Grumpy and I have often marvelled at the sweet life the kids next door lead. Old Moon Face and Dr Bellows have got it pretty damn good. Sleeping in, staying up late, splashing in the pool all day, rockin' out to Peter Gabriel with their stupid parents all damn night. Despite all this indulgence, they're sweet kids.

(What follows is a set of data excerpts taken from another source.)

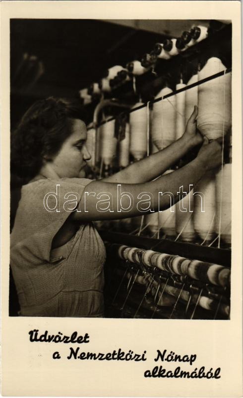 Üdvözlet a Nemzetközi Nőnap alkalmából! A népi demokratikus állam fokozott mértékben megbecsüli a nők munkáját. Magyarországon az érdemrenddel kitüntetett dolgozók 35 százaléka nő. Képzőművészeti Alap Kiadóvállalat / International Women's Day, Hungarian socialist propaganda
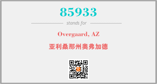 上述内容是“Overgaard, AZ”作为“85933”的缩写,解释为“亚利桑那州奥弗加德”时的信息,以及英文缩略词85933所代表的英文单词,其对应的中文拼音、详细解释以及在英文中的流行度和相关分类、应用领域及应用示例等。
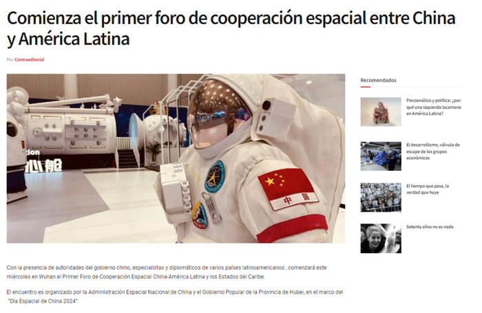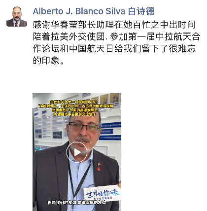 阿根廷记者Fernando Enrique Capotondo报道了中拉航天合作论坛发布的《武汉宣言》,称本次国际活动有利于各方建立空间伙伴关系,共享技术造福人类,以及共同构建中国与拉美和加勒比国家国际空间合作高水平平台。

I am sorry to say that yesterday this long, cruisey run came to a sad end. I don't know whether it was the sudden onslaught of the summer heat, the fly-ridden humidity, or the frying of brain cells from willful over-exposure to the self-indulgent musings of a man who would like us all to forget he was once in Genesis, but their mother finally lost it and had the miserable blighters out in the yard helping her weed and dig and generally sweat it out in the sun. Tote that bale, whippersnappers! Poor old Moon Face looked particularly miserable, despite the jaunty rasta cap she was sporting.
One thing that comforts me: I know Mama Stupid had to go back to work today so the kids are probably curled up in the lap of luxury with their grandparents. As I type and, indeed, as you read I have no doubt that Moon Face and Dr Bellows are enjoying yet another spoon-fed heapin' helping of the finest Peters ice cream. With topping.
Take a load off, kids.
3 comments:
This morning I was reading one of those silly trivia books my husband got as a Christmas gift, and it said Australians eat the most ice cream per capita of anyone in the world.
I knew I'd find a use for that fact somewhere. (I didn't say it would be an intelligent use, mind you.)
Beer and icecream; no wonder we have an obesity epidemic.
I know, I know; all those beer spiders. It's a disgrace.